- _TO DO_
Would you return the listing that follows exactly, leaving its pictures behind?

[RECORDS TO USE]

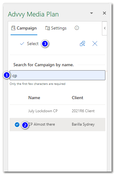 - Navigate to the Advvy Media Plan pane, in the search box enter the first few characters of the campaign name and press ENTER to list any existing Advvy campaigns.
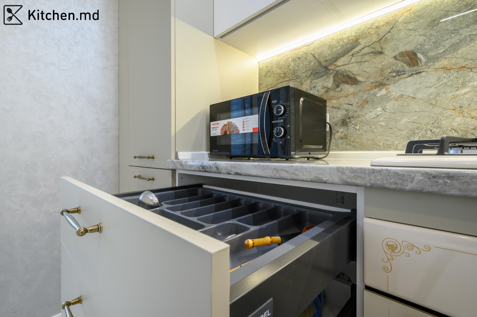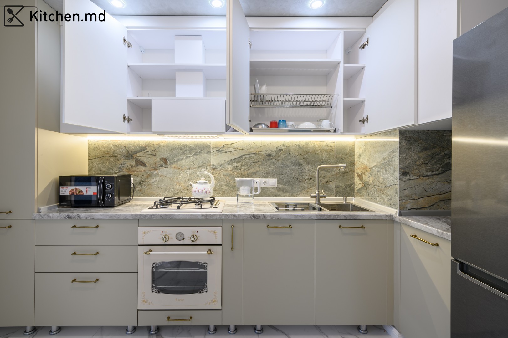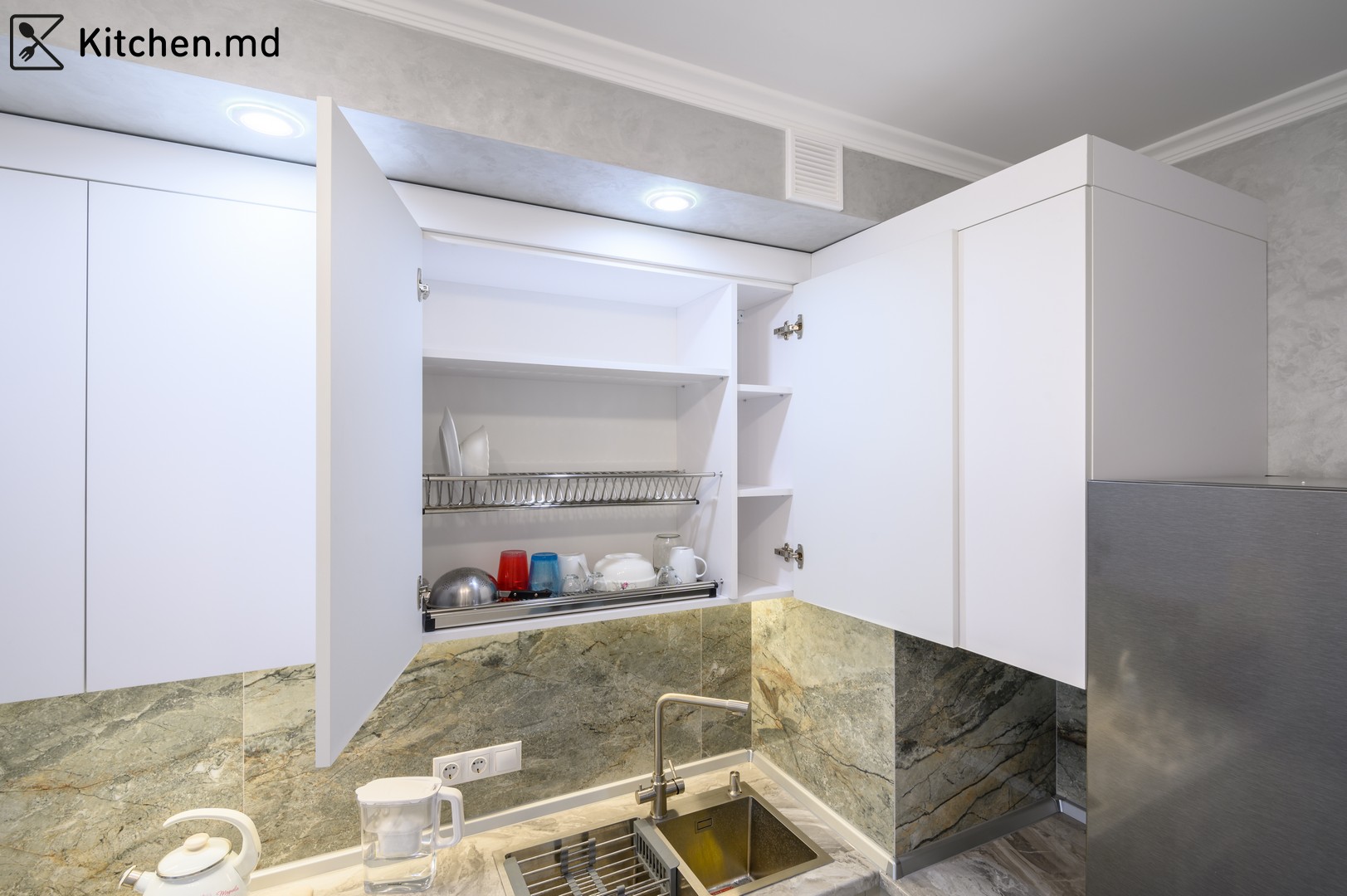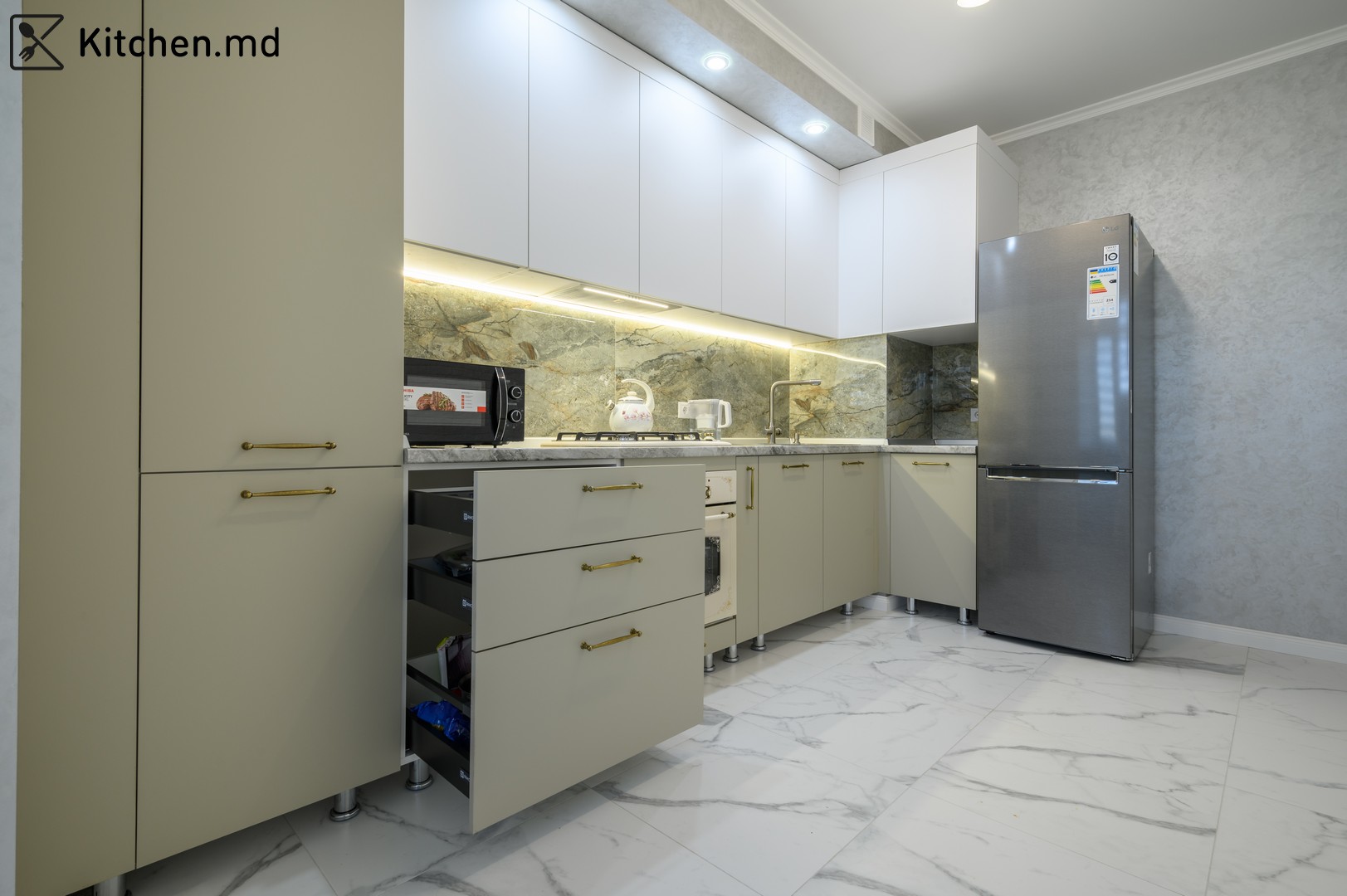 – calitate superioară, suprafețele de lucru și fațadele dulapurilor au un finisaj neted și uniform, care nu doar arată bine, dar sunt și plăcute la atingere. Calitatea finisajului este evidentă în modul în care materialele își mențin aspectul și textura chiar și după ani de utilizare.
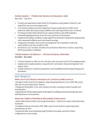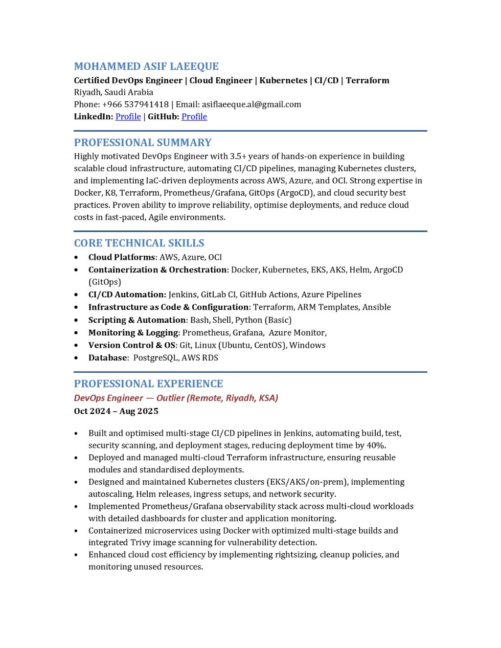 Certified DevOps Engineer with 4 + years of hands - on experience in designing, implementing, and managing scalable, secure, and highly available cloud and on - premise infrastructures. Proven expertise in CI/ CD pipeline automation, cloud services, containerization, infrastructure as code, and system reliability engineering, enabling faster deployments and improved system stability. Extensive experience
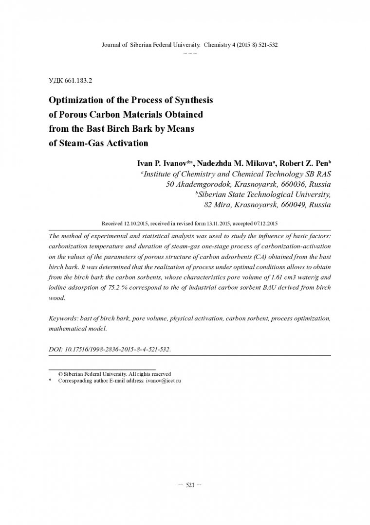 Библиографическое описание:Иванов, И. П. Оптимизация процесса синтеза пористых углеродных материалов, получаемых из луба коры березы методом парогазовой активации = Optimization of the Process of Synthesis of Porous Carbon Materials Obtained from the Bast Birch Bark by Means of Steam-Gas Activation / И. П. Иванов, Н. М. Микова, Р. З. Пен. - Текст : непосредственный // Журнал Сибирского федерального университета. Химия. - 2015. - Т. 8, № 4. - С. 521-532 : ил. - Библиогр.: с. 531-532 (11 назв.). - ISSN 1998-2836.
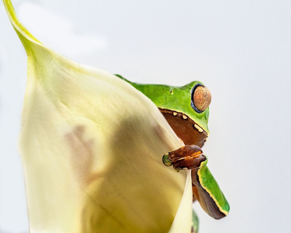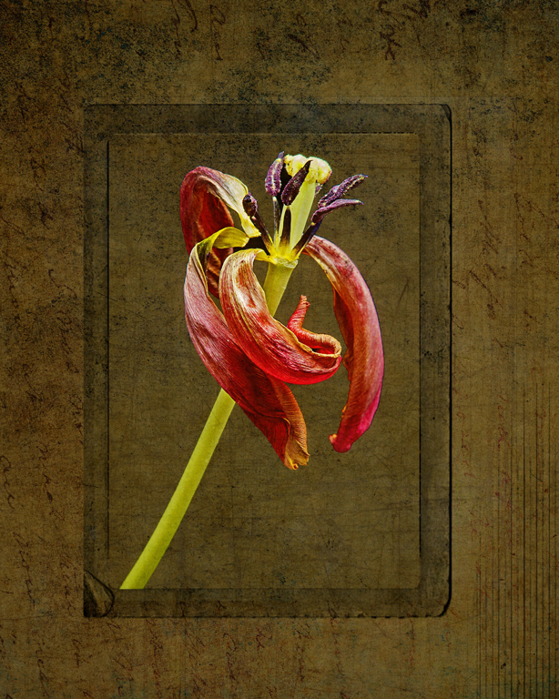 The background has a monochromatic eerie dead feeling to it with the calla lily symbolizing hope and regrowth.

[/RECORDS TO USE]

- _FINAL ANSWER_
 - Navigate to the Advvy Media Plan pane, in the search box enter the first few characters of the campaign name and press ENTER to list any existing Advvy campaigns.
 – calitate superioară, suprafețele de lucru și fațadele dulapurilor au un finisaj neted și uniform, care nu doar arată bine, dar sunt și plăcute la atingere. Calitatea finisajului este evidentă în modul în care materialele își mențin aspectul și textura chiar și după ani de utilizare.
 Certified DevOps Engineer with 4 + years of hands - on experience in designing, implementing, and managing scalable, secure, and highly available cloud and on - premise infrastructures. Proven expertise in CI/ CD pipeline automation, cloud services, containerization, infrastructure as code, and system reliability engineering, enabling faster deployments and improved system stability. Extensive experience
 Библиографическое описание:Иванов, И. П. Оптимизация процесса синтеза пористых углеродных материалов, получаемых из луба коры березы методом парогазовой активации = Optimization of the Process of Synthesis of Porous Carbon Materials Obtained from the Bast Birch Bark by Means of Steam-Gas Activation / И. П. Иванов, Н. М. Микова, Р. З. Пен. - Текст : непосредственный // Журнал Сибирского федерального университета. Химия. - 2015. - Т. 8, № 4. - С. 521-532 : ил. - Библиогр.: с. 531-532 (11 назв.). - ISSN 1998-2836.
 The background has a monochromatic eerie dead feeling to it with the calla lily symbolizing hope and regrowth.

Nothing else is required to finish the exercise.